REST and authentication variants

Question

I am currently working on a REST library for .net, and I would like to hear some opinions about an open point I have: REST and authentication.

Here is an example of an RESTful interface used with the library:

[RestRoot("/user")]
public interface IUserInterface
{
  [RestPut("/")]
  void Add(User user);

  [RestGet("/")]
  int[] List();

  [RestGet("/get/{id}")]
  User Get(int id);

  [RestDelete("/delete/{id}")]
  void Delete(int id);
}

The server code then just implements the interface and the clients can obtain the same interface through a factory. Or if the client is not using the library a standard HTTP request also works.

I know that there are the major ways of either using HTTP Basic Auth or sending a token to requests requiring authenticated users.

The first method (HTTP Basic Auth), has the following issues (partly web browser specific):

• The password is transmitted with every request - even with SSL this has some kind of "bad feeling".
• Since the password is transmitted with a request header, it would be easy for an local attacker to look at the transmitted headers to gain the password.
• The password is available in the browsers memory.
• No standard way to expire user "sessions".
• Login with a browser interrupts the look and feel of a page.

The issues for the second method are more focused on implementation and library use:

• Each request URI which needs authentication must have a parameter for the token, which is just very repetitive.
• There is a lot more code to write if each method implementation needs to check if a token is valid.
• The interface will become less specific e.g. [RestGet("/get/{id}")] vs. [RestGet("/get/{id}/{token}")].
• Where to put the token: at the end of the URI? after the root? somewhere else?

---

My idea was to pass the token as parameter to the URL like http:/server/user/get/1234?token=token_id.

Another possibility would be to send the parameter as an HTTP header, but this would complicate usage with plain HTTP clients I guess.

The token would get passed back to the client as a custom HTTP header ("X-Session-Id") on each request.

This then could be completely abstracted from the interface, and any implementation needing authentication could just ask which user the token (if given) belongs to.

Do you think this would violate REST too much or do you have any better ideas?

Answer 1

I tend to believe that authentication details belong in the header, not the URI. If you rely on a token being placed on the URI, then every URI in your application will need to be encoded to include the token.

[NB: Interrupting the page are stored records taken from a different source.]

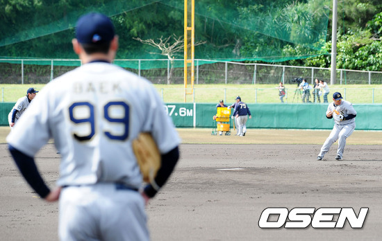 5일 일본 오키나와현 미야코지마 시민구장에서 열린 일본프로야구 버팔로 오릭스의 스프링캠프에서 백차승이 이대호의 수비 훈련을 바라보고 있다.
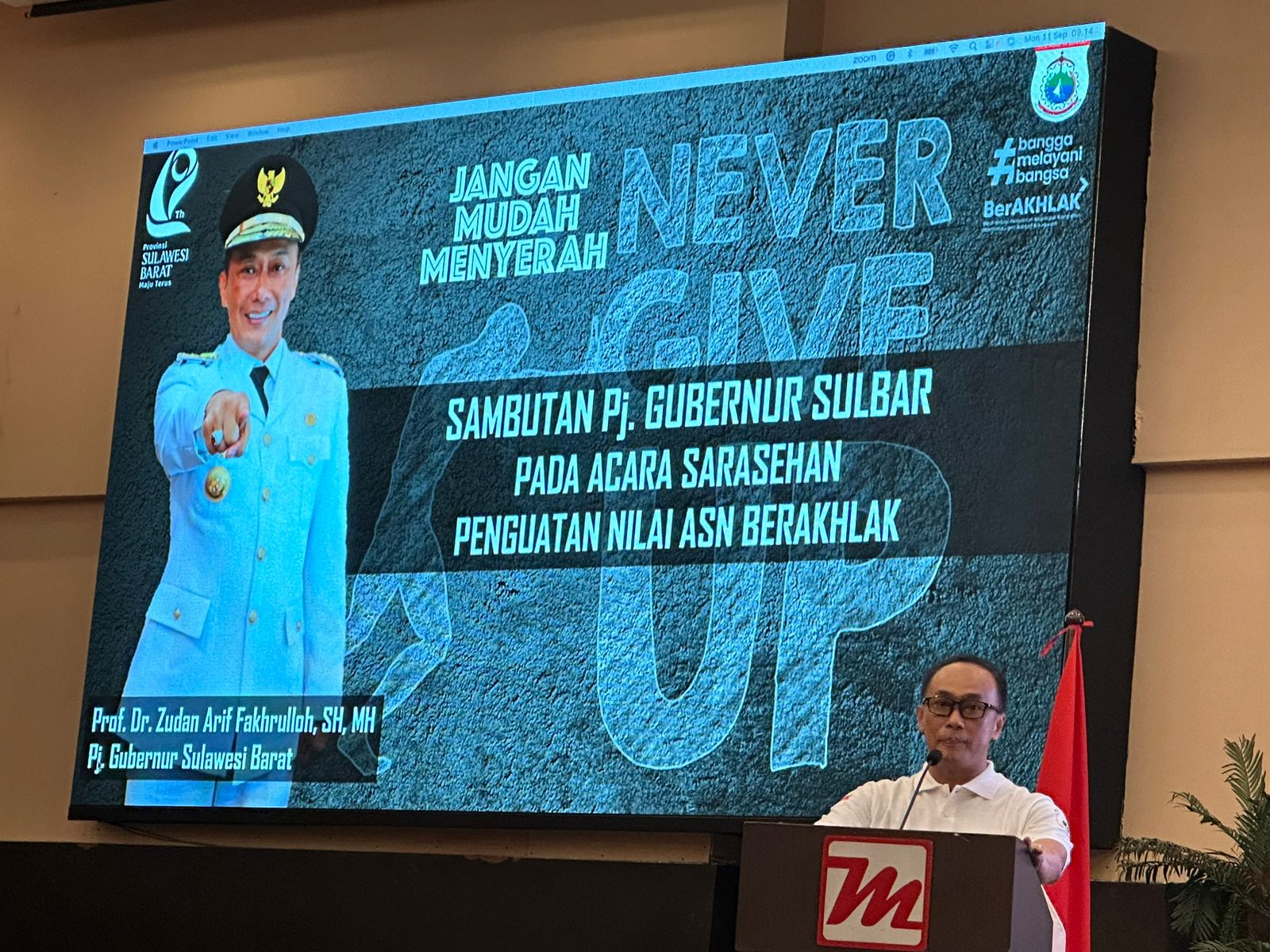 Hal itu disampaikan oleh Pj Gubernur Sulbar Prof. Zudan Arif Fakrulloh saat memberikan pengarahan dihadapan 600 ASN Pemprov yang mengikuti kegiatan tersebut.
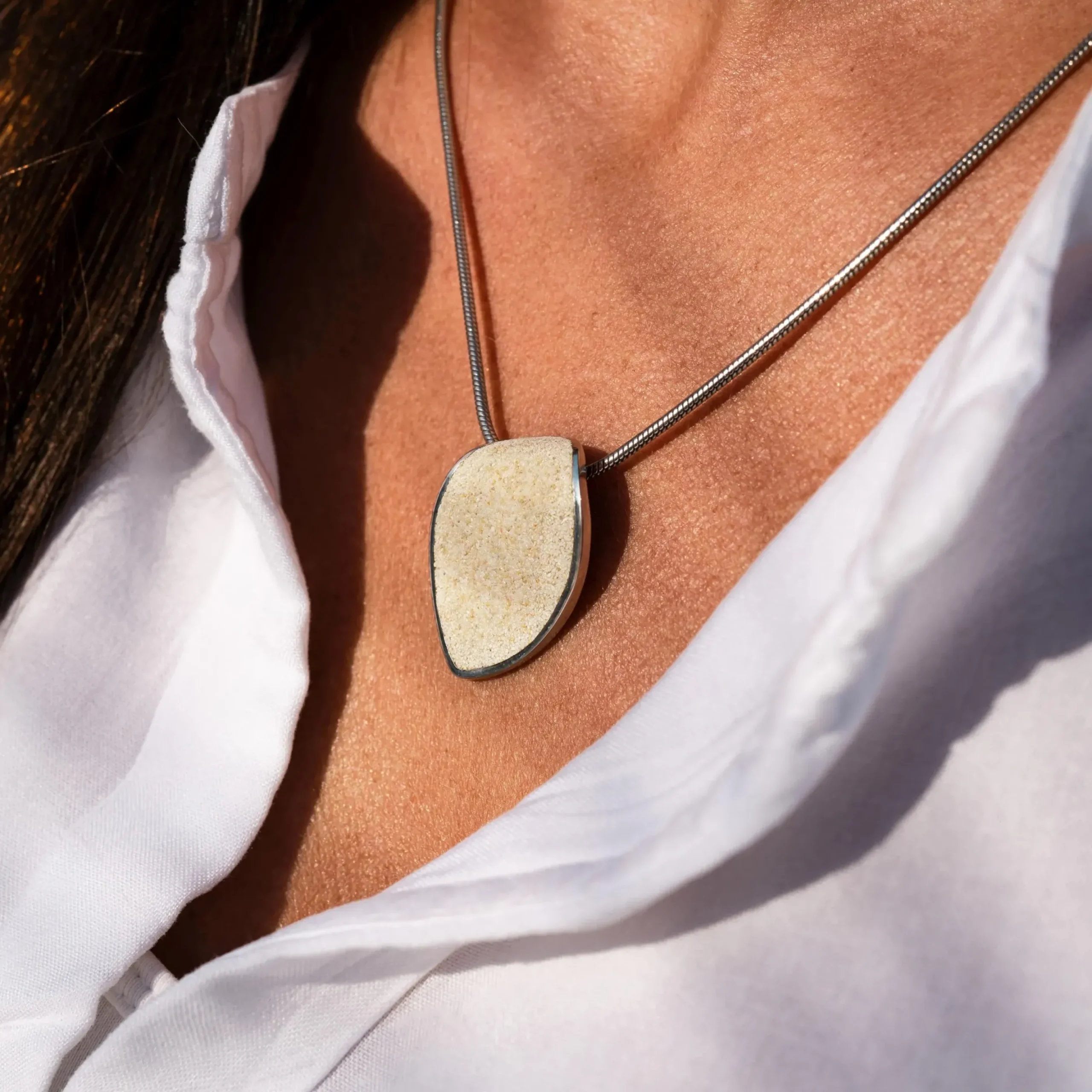 Ovaler, geschwungener Anhänger „Sandinsel“, gefüllt mit Strandsand und auf der Rückseite angebrachter Öse, gefasst in rhodiniertem 925er Sterling-Silber.
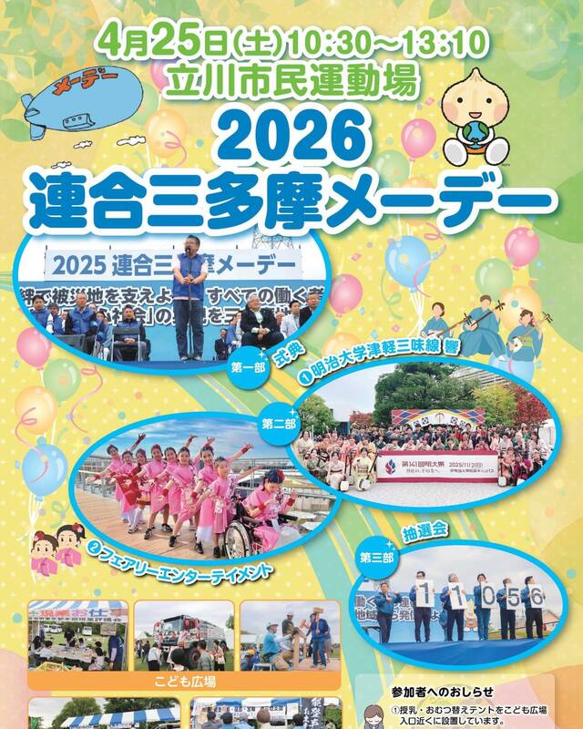 ホーム>政党・政治家>山根 洋平 (ヤマネ ヨウヘイ)>2026年連合三多摩メーデーに参加しました2026/4/25立川市で開催された連合三多摩メーデ...
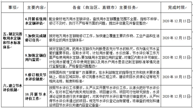 5.围绕“靠河湖分水,从总体上促进节水”,重点抓计划用水限额管理。调研各地区、各流域管理机构计划用水管理需求,研究提出修订《计划用水管理办法》的思路报告。各流域管理机构和各省级水行政主管部门要加大计划用水管理力度,提高应纳入计划用水管理用水户的覆盖率,强化用水计划限额管理,有效发挥对用水户刚性约束作用。水资源超载地区要对年用水量1万立方米及以上的工业企业用水计划管理实现全覆盖。
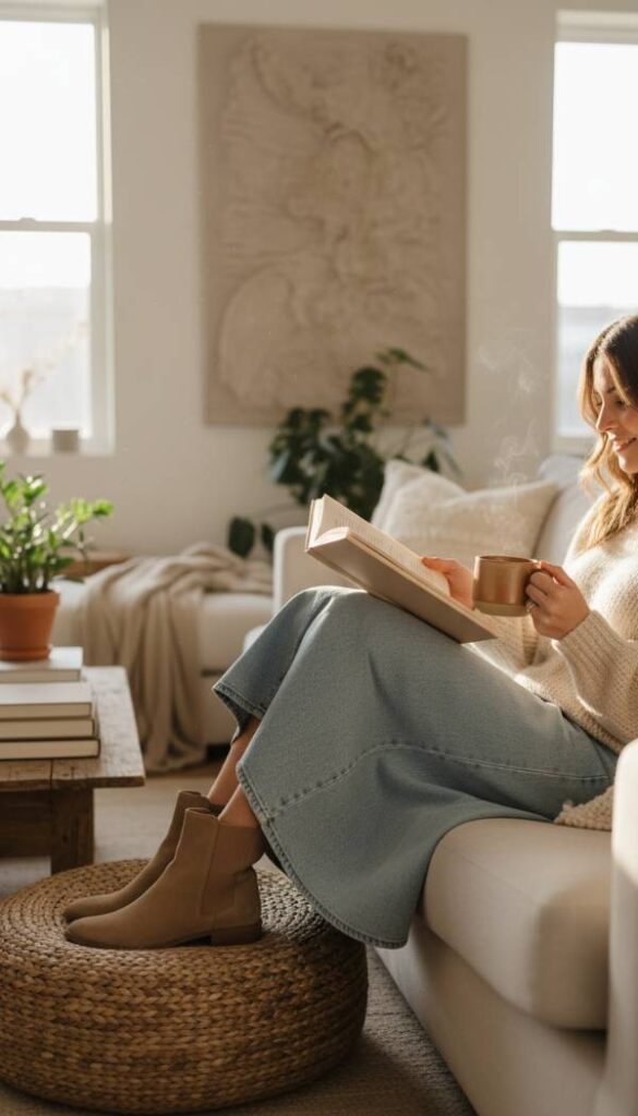 Indulge in understated luxury with a perfectly cut A line denim skirt in a pristine light wash, its clean lines offering a universally flattering silhouette. The soft yet structured denim feels comfortable and substantial. Elevate this piece with a sumptuous cashmere sweater in a creamy oat shade, its incredibly soft and warm texture a delight against the skin. The sweater’s gentle drape contrasts beautifully with the skirt’s subtle rigidity. Suede ankle boots, their velvety finish adding another layer of tactile pleasure, complete this effortlessly chic ensemble, ideal for comfortable yet elegant everyday wear. This look whispers sophistication without shouting.

It would also negatively impact caching. Resources with a token that is constantly changing will no longer be able to be cached. Resource related information belongs in the URI, not application related data such as credentials.

It seems you must be targeting web browsers as a client? If so you could investigate using HTTP Digest access authentication or issuing clients their own SSL certificates to uniquely identify and authenticate them. Also, I don't think that session cookies are necessarily a bad thing. Especially when having to deal with a browser. As long as you isolate the cookie handling code and make the rest of the application not rely on it you would be fine. The key is only store the user's identity in the session, nothing else. Do not abuse server side session state.

If you are targeting clients other than the browser then there are a number of approaches you can take. I've had luck with using Amazon's S3 Authentication mechanism.

This is all very subjective of course. Purity and following REST to the letter can sometimes be impractical. As long as you minimize and isolate such behavior, the core of your application can still be RESTful. I highly recommend RESTful Web Services as a great source of REST information and approaches.

Answer 2

I agree with workmad3, if session life time needs to be maintained you should create a session resource. Post on that resource with user credentials (either basic authentication or credentials in the body content) will return unique session id. Delete on /session/{id} will log out the user.

If you want to control the session expiry time. When creating new session (post on session resource) the server will set a cookie on the response (using standard set-cookie header). The cookie will contain expiry time. The cookie string should be encrypted on the server, so only the server can open that cookie. Every consequent request to the server will send the session cookie in the cookie header. (it will be done automatically for you if your client is a browser). The server needs to "renew" the cookie for every request, i.e. create new cookie with new expiry time (extend session's timeout). Remember to clear the cookie when the user calls delete on the session resource.

If you want your application to be more secured you can store the client IP in the cookie itself, so when a request arrives the server can validate that it was sent from the "original" client. But remember that this solution can be problematic when proxies are involved, because the server might "see" all the requests as coming from the same client.

Answer 3

The rest authentication I've seen treats the sessions as a REST resource for creation, destruction etc. and then the session ID is passed to and fro. The ones I've seen tend to use the session cookie for this as it's the only way to secure it really. If you pass the session id in the URL, you don't have any way of really authenticating it came from the correct client.

Authentication is a tricky problem with REST though, as it requires some form of state to be kept outside the URL which infringes upon REST principles of the URL being all that is required to represent state.